A Theory of Quantized Fields Based on Orthogonal and Symplectic Clifford Algebras

The transition from a classical to quantum theory is investigated within the context of orthogonal and symplectic Clifford algebras, first for particles, and then for fields. It is shown that the generators of Clifford algebras have the role of quantum mechanical operators that satisfy the Heisenberg equations of motion. For quadratic Hamiltonians, the latter equations are obtained from the classical equations of motion, rewritten in terms of the phase space coordinates and the corresponding basis vectors. Then, assuming that such equations hold for arbitrary path, i.e., that coordinates and momenta are undetermined, we arrive at the equations that contains basis vectors and their time derivatives only.

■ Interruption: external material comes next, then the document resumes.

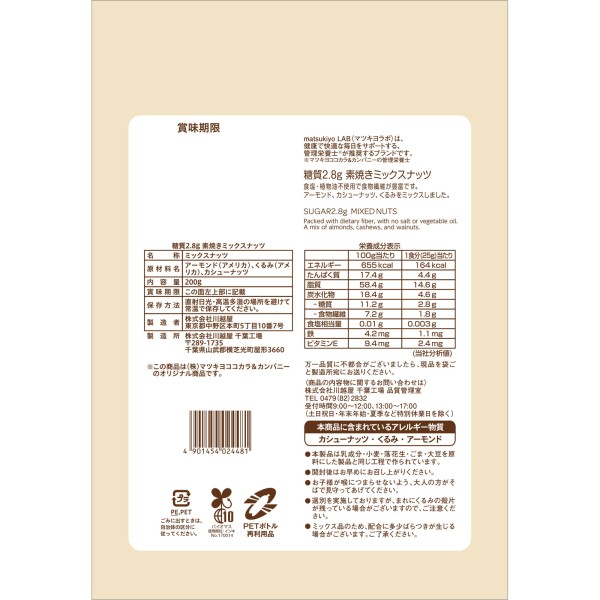 matsukiyo LAB 당질 2.8g 소금구이 믹스넛 200g > 콩류

According to this approach, quantization of a classical theory, formulated in phase space, is replacement of the phase space variables with the corresponding basis vectors (operators). The basis vectors, transformed into the Witt basis, satisfy the bosonic or fermionic (anti)commutation relations, and can create spinor states of all minimal left ideals of the corresponding Clifford algebra. We consider some specific actions for point particles and fields, formulated in terms of commuting and/or anticommuting phase space variables, together with the corresponding symplectic or orthogonal basis vectors. Finally we discuss why such approach could be useful for grand unification and quantum gravity.